Extracted data entries

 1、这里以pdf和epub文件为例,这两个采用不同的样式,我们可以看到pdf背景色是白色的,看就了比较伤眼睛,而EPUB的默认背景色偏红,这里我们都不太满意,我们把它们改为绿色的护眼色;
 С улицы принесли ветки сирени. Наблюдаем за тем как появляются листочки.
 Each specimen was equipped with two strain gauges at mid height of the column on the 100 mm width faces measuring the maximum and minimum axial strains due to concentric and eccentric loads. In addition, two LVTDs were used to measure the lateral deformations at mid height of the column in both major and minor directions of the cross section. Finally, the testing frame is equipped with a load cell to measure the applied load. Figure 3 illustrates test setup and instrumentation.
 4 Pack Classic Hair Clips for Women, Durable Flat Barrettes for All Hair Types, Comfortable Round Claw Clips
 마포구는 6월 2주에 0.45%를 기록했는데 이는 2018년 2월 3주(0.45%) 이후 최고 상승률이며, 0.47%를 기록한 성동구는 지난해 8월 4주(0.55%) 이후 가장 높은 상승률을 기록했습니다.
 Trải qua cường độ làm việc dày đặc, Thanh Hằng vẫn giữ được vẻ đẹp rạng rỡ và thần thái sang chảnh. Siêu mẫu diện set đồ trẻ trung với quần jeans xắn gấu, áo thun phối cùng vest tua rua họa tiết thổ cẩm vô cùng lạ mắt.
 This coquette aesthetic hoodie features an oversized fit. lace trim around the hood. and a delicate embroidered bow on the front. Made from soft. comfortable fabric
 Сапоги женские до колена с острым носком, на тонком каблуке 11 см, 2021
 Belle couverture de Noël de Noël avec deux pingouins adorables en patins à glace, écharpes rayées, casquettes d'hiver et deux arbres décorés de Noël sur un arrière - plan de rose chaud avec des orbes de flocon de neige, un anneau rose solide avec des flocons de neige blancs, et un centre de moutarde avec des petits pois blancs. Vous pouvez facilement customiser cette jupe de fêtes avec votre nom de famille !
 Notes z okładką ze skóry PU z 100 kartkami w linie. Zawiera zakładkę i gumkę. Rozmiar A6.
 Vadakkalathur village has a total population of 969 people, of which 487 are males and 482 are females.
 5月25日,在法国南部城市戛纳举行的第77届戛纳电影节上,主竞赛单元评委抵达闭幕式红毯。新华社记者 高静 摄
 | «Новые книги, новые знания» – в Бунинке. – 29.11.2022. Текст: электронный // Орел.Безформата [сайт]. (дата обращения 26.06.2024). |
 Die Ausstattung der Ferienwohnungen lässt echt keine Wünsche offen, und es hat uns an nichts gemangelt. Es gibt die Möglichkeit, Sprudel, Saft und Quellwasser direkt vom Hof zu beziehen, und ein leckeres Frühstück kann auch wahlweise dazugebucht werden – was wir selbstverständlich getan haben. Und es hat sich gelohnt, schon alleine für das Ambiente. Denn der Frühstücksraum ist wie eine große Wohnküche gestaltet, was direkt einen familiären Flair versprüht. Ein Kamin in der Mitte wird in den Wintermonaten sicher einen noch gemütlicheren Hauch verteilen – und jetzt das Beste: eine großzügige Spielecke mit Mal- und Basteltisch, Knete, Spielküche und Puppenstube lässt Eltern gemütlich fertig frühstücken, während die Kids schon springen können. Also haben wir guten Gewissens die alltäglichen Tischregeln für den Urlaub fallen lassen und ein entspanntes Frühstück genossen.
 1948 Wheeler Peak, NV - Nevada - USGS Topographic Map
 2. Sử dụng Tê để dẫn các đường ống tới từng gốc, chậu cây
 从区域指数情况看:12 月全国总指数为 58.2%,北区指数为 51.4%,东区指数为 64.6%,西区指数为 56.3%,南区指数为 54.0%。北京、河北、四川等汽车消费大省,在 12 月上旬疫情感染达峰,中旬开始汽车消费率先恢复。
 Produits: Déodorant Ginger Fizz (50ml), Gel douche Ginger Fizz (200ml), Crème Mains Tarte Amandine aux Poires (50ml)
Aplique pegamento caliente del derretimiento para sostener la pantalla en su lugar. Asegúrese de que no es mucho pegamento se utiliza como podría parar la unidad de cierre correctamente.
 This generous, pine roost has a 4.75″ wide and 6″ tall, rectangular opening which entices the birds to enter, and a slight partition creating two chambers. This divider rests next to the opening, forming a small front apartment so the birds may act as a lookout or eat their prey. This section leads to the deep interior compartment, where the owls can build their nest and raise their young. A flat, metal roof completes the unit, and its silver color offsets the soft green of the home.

● **TASK PROMPT**
Please transcribe only the lines in the records above running from the line that has "Сапоги женские до" through the line that has "Belle couverture de", both included, exactly as they appear.

● **TASK OUTPUT**
 Сапоги женские до колена с острым носком, на тонком каблуке 11 см, 2021
 Belle couverture de Noël de Noël avec deux pingouins adorables en patins à glace, écharpes rayées, casquettes d'hiver et deux arbres décorés de Noël sur un arrière - plan de rose chaud avec des orbes de flocon de neige, un anneau rose solide avec des flocons de neige blancs, et un centre de moutarde avec des petits pois blancs. Vous pouvez facilement customiser cette jupe de fêtes avec votre nom de famille !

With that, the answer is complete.